● **ENTRIES SUPPLIED**
——
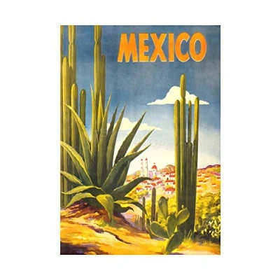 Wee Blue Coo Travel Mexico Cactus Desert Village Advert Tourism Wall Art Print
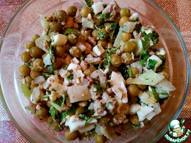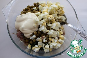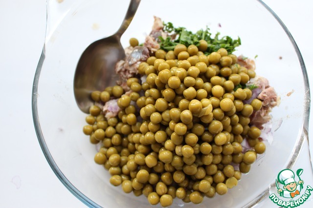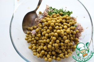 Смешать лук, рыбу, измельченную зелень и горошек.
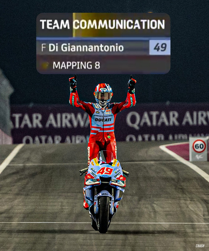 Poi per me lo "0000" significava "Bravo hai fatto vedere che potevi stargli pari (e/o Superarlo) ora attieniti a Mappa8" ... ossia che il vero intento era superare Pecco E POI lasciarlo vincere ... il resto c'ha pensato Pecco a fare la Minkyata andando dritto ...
——
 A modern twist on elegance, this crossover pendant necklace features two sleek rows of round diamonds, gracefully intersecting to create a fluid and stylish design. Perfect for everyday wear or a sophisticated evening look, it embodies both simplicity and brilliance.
——
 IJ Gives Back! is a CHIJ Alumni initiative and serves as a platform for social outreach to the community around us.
——
Leave the pictures out, and transcribe exactly the lines above starting at the one that contains "Wee Blue Coo" and ending at the one that contains "Poi per me lo".

● **EXPECTED ANSWER**
 Wee Blue Coo Travel Mexico Cactus Desert Village Advert Tourism Wall Art Print
 Смешать лук, рыбу, измельченную зелень и горошек.
 Poi per me lo "0000" significava "Bravo hai fatto vedere che potevi stargli pari (e/o Superarlo) ora attieniti a Mappa8" ... ossia che il vero intento era superare Pecco E POI lasciarlo vincere ... il resto c'ha pensato Pecco a fare la Minkyata andando dritto ...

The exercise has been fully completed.